HEIGHT___________ WEIGHT____________ IQ__________ GPA_____________

SOCIAL SECURITY #_________________ DRIVERS LICENSE #________________

BOY SCOUT RANK AND BADGES__________________________________________

HOME ADDRESS_______________________ CITY/STATE___________ ZIP______

Do you have parents? ___Yes ___No
Is one male and the other female? ___Yes ___No
If No, explain: __________________________________________________ ___________
__________________________________________________ ___________________

Number of years they have been married ______________________________

If less than your age, explain
____________________________________________ ________________________

__________________________________________________ __________________

ACCESSORIES SECTION:

A. Do you own or have access to a van? __Yes __No

B. A truck with oversized tires? __Yes __No

C. A waterbed? __Yes __No

D. A pickup with a mattress in the back? __Yes __No

E. A tattoo? __Yes __No

F. Do you have an earring, nose ring, __Yes __No 
Pierced tongue, pierced cheek or a belly button ring? 
*
(IF YOU ANSWERED 'YES' TO ANY OF THE ABOVE, DISCONTINUE APPLICATION
AND LEAVE PREMISES IMMEDIATELY. I SUGGEST RUNNING.) 


ESSAY SECTION: 
*
In 50 words or less, what does *'LATE'* mean to you?

__________________________________________________ ____________

__________________________________________________ ____________

In 50 words or less, what does *'DON'T TOUCH MY DAUGHTER'* mean to you?

__________________________________________________ ________ ____

__________________________________________________ ____________

In 50 words or less, what does *'ABSTINENCE'* mean to you?

__________________________________________________ ____________

__________________________________________________ ____________
*

REFERENCES SECTION:
*
Church you attend __________________________________________________ _

How often you attend ________________________________________________

When would be the best time to interview your:

Father? _____________

Mother? _____________

Pastor? _____________ 
*

SHORT-ANSWER SECTION: 
*
Answer by filling in the blank.
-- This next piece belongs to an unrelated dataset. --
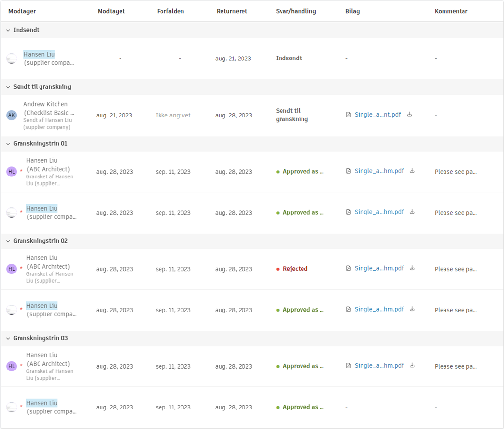 I arbejdsgangstabellen viser rollenavne de faktiske brugere, der udførte granskninger:
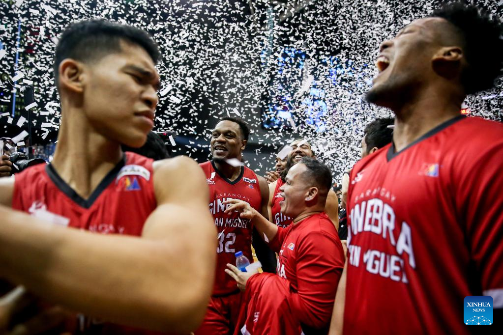 Players from Barangay Ginebra San Miguel celebrate winning champion against Bay Area Dragons at the Commissioner's Cup Finals of the Philippine Basketball Association (PBA) in Bulacan Province, the Philippines on Jan. 15, 2023. (Xinhua/Rouelle Umali)

Please answer freely, all answers
Are confidential.

A: If I were shot, the last place I would want to be shot would be:

__________________________________________________ ____________

B: If I were beaten, the last bone I would want broken is my:

__________________________________________________ ____________

C: A woman's place is in the:

__________________________________________________ ____________

D: The one thing I hope this application does not ask me about is:

__________________________________________________ ____________

E. What do you want to do IF you grow up? ___________________________

__________________________________________________ ____________

__________________________________________________ ____________

F. When I meet a girl, the thing I always notice about her first is:

_________________________________ _____________________________

F. What is the current going rate of a hotel room? __________________ 
*
I SWEAR THAT ALL INFORMATION SUPPLIED ABOVE IS TRUE AND CORRECT TO
THE BEST OF MY KNOWLEDGE UNDER PENALTY OF DEATH, DISMEMBERMENT,
NATIVE AMERICAN ANTI TORTURE, CRUCIFIXION, ELECTROCUTION, CHINESE 
WATER TORTURE, RED HOT POKERS, AND HILLARY CLINTON KISS TORTURE.
*

__________________________________________________ _______ 
Applicant's Signature (that means sign your name, moron!)
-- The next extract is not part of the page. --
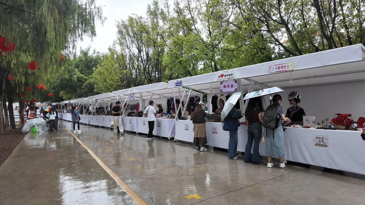 活动现场,一场融合视觉与味觉的文化盛宴惊艳亮相。彝绣动态市集展上,来自楚雄州10个县市的非遗代表性传承人带来了各式精美的彝绣作品与非遗文创产品,琳琅展品与特色美食相映成趣,引得游客纷纷驻足观赏、细细品味。

_______________________________ ________________________________
Mother's Signature Father's Signature

Thank you for your interest, allow four to six years for processing.
__________________


----------



## Overboard (Feb 20, 2008)

Gluconda- That was some good sh%t- I'm still rolling

Keep'em coming guys


----------



## Don Smith (Nov 24, 2007)

After seeing some of the drunks and druggies out on the water, I sure as h*** would want to meet the person going out on my boat before we went out. Getting to know each others expectations beforehand can sure save a lot of hard feelings.


----------



## yellowmouth2 (Aug 16, 2005)

The guy that started this is the Goose Creek Gander so that means he's from Baytown. Make sure you get that 'mullet cut' before the interview.


----------



## jeff.w (Jan 22, 2006)

If you're on a date, and it's not working out, you can always yawn and look at your watch and say, Whoa, look at the time! But what do you do when you're in the middle of a bay in someone else's boat and things aren't working out?


----------



## txshrkfish (May 28, 2007)

haha this is hillarious


----------



## Gluconda (Aug 25, 2005)

jeff.w said:


> If you're on a date, and it's not working out, you can always yawn and look at your watch and say, Whoa, look at the time! But what do you do when you're in the middle of a bay in someone else's boat and things aren't working out?


Go for a quick wade?


----------



## kraymond (Aug 12, 2005)

Brings a whole new meaning to "Hook'n up"


----------



## C-Mac369 (Jun 27, 2008)

jeff.w said:


> If you're on a date, and it's not working out, you can always yawn and look at your watch and say, Whoa, look at the time! But what do you do when you're in the middle of a bay in someone else's boat and things aren't working out?


If your lucky they will have a lil dingy on board....then you can just jump on the dingy and ride it in


----------